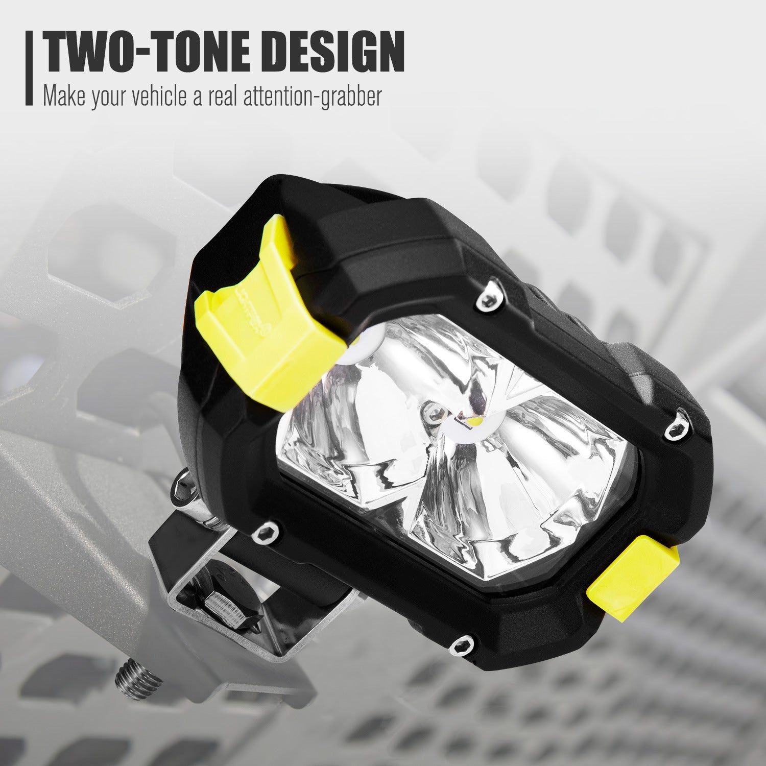 Sometimes, standard factory headlights just don't cut it when it comes to seeing at night in off-road conditions. When the terrain is challenging, it is important you have enough illumination to see well in front of you. With OSRAM’s® finest OSLON® LED chips delivering an immediate performance increase of 50% or more, these Lightfox 4 inch light pods provide 4,600LM (pair) spot beam at 15° staggering 1Lux@393m (pair). Engineered with 5,500K CCT, these 4 inch light pods feature still crisp white light but a little bit warmer & easier on your eyes. Featuring powder coated die-cast aluminum housing & PC lens cover, these LED light bars are not only UV, impact and corrosion resistant, but also moisture free with the IP68 rating for consistent performance on foggy and stormy days. These LED pods come with DT plugs for super easy installation on bumpers, A pillars or roof racks. With the impeccable two-tone design, the 4 inch light pods are sure to make your vehicle a real attention-grabber
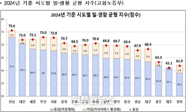 2024년 일·생활 균형지수 평가 결과, 전국 17개 시·도 평균은 65.7점이며 전남은 이보다 7.4점 높았은 점수를 기록했다.
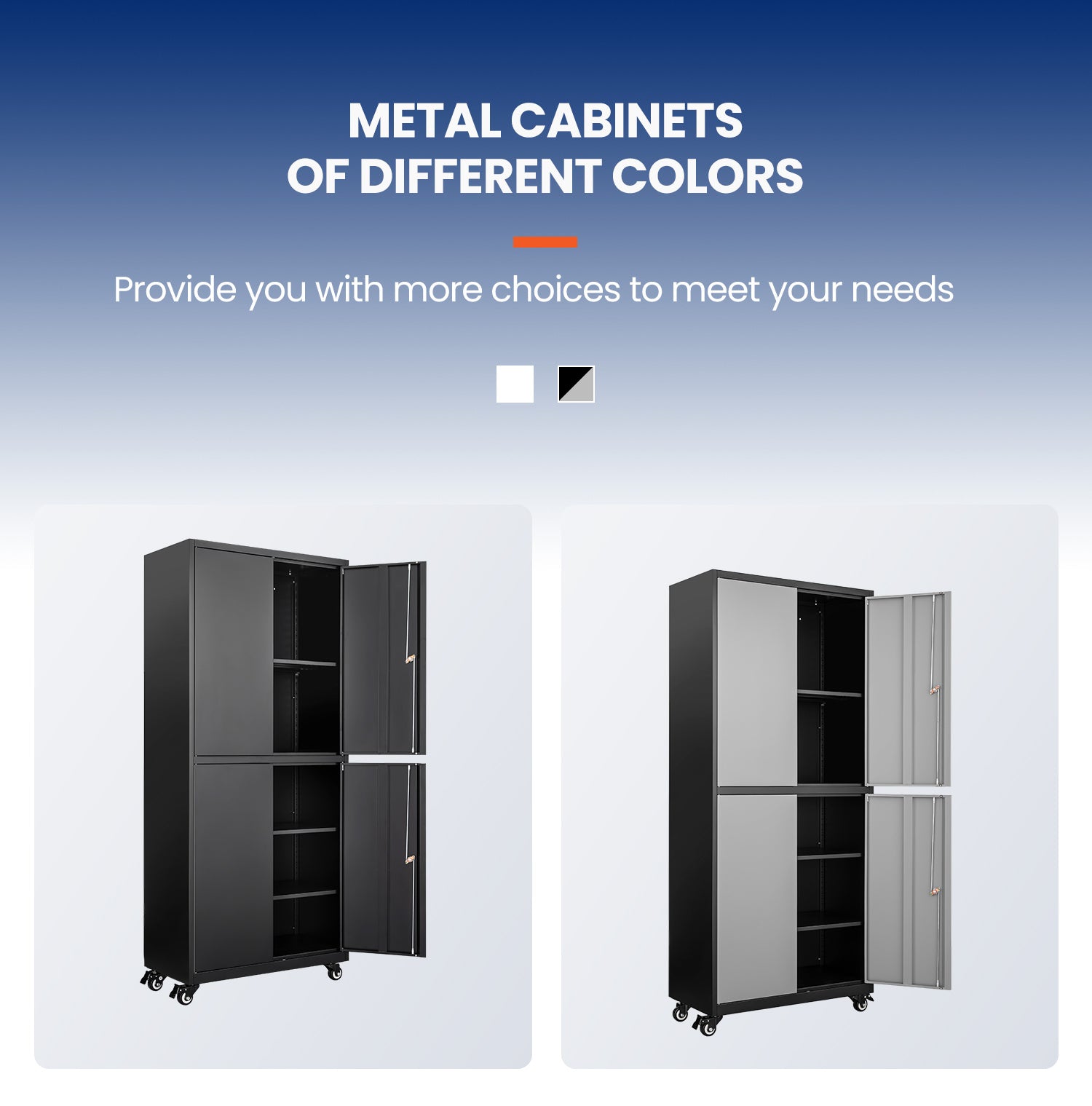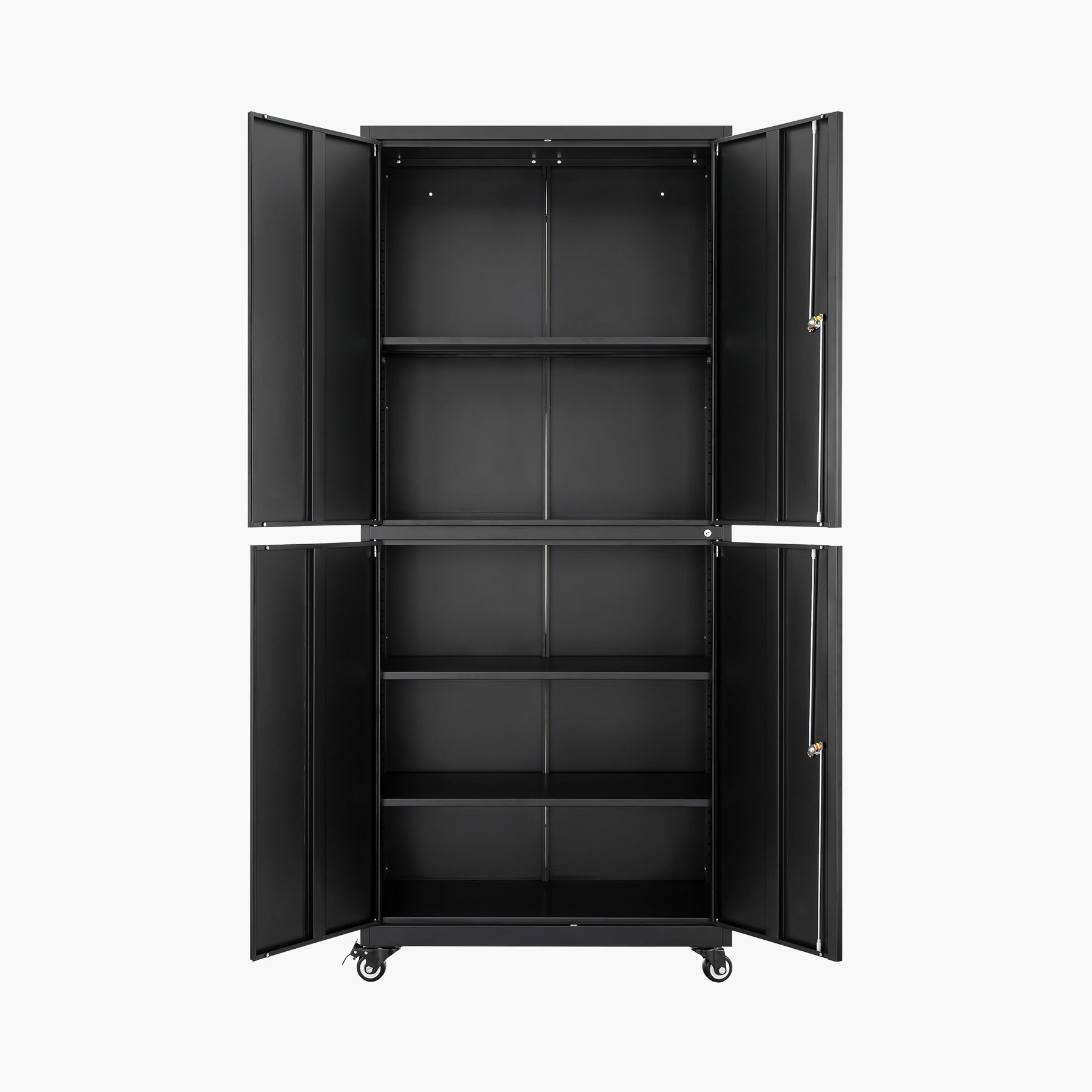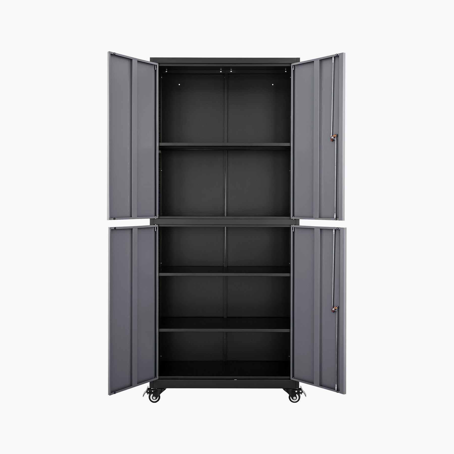- 73" Rolling Metal Cabinet with Lock, 4 Doors & Adjustable Shelves

# [WHAT IS REQUIRED]
Only the pictures are to be left out; the rest of the material above should be printed verbatim.

# [ANSWER BELOW]
 Sometimes, standard factory headlights just don't cut it when it comes to seeing at night in off-road conditions. When the terrain is challenging, it is important you have enough illumination to see well in front of you. With OSRAM’s® finest OSLON® LED chips delivering an immediate performance increase of 50% or more, these Lightfox 4 inch light pods provide 4,600LM (pair) spot beam at 15° staggering 1Lux@393m (pair). Engineered with 5,500K CCT, these 4 inch light pods feature still crisp white light but a little bit warmer & easier on your eyes. Featuring powder coated die-cast aluminum housing & PC lens cover, these LED light bars are not only UV, impact and corrosion resistant, but also moisture free with the IP68 rating for consistent performance on foggy and stormy days. These LED pods come with DT plugs for super easy installation on bumpers, A pillars or roof racks. With the impeccable two-tone design, the 4 inch light pods are sure to make your vehicle a real attention-grabber
 2024년 일·생활 균형지수 평가 결과, 전국 17개 시·도 평균은 65.7점이며 전남은 이보다 7.4점 높았은 점수를 기록했다.
- 73" Rolling Metal Cabinet with Lock, 4 Doors & Adjustable Shelves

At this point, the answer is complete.